WHAT IS BEING ASKED:
Every line below from the one with "Chrom-Nickel-Molybdän-Stahl ist für" through the one with "The LFT7000WM is" should be retyped exactly, both ends included; no other lines and no pictures.

SUPPLIED MATERIAL:
■ ■ ■
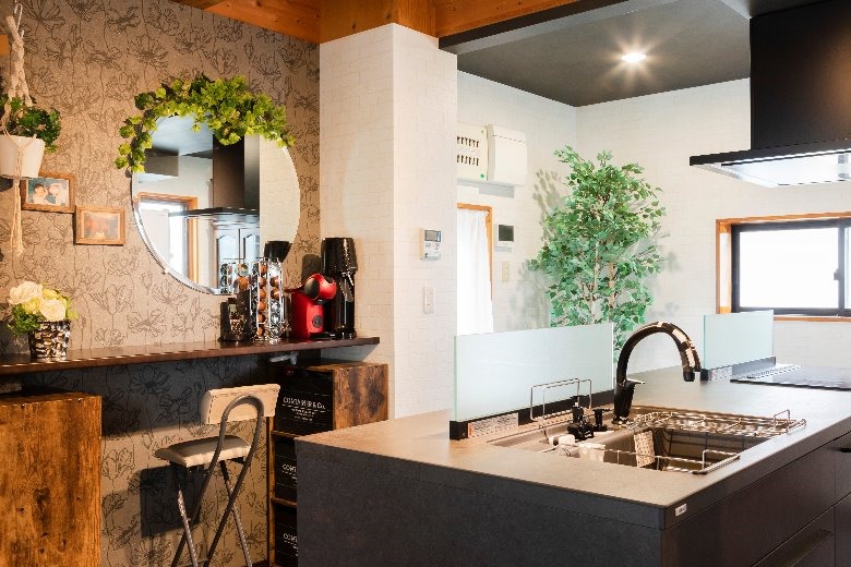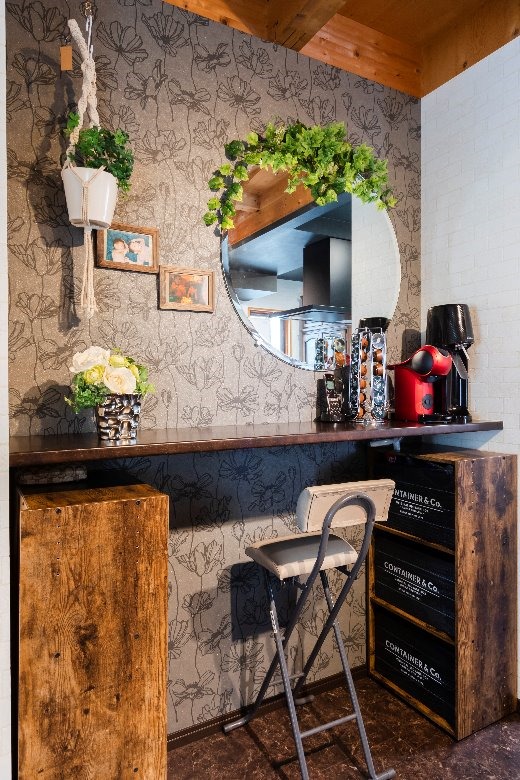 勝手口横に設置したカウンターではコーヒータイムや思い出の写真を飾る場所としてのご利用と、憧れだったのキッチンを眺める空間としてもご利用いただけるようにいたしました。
■ ■ ■
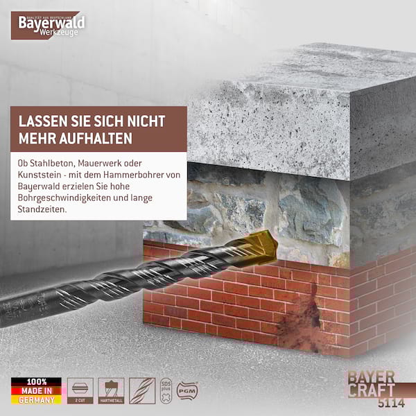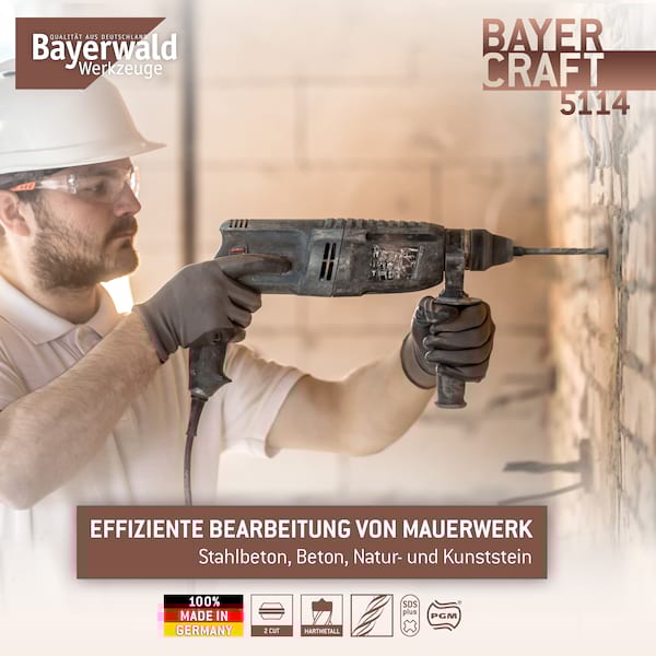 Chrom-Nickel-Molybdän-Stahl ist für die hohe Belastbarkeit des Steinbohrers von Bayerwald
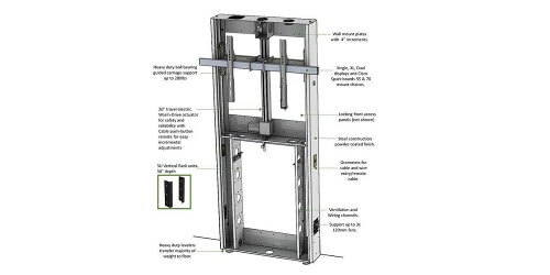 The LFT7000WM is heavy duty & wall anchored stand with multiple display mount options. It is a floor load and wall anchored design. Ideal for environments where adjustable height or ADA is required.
■ ■ ■
RESPONSE TO THIS EXERCISE:
 Chrom-Nickel-Molybdän-Stahl ist für die hohe Belastbarkeit des Steinbohrers von Bayerwald
 The LFT7000WM is heavy duty & wall anchored stand with multiple display mount options. It is a floor load and wall anchored design. Ideal for environments where adjustable height or ADA is required.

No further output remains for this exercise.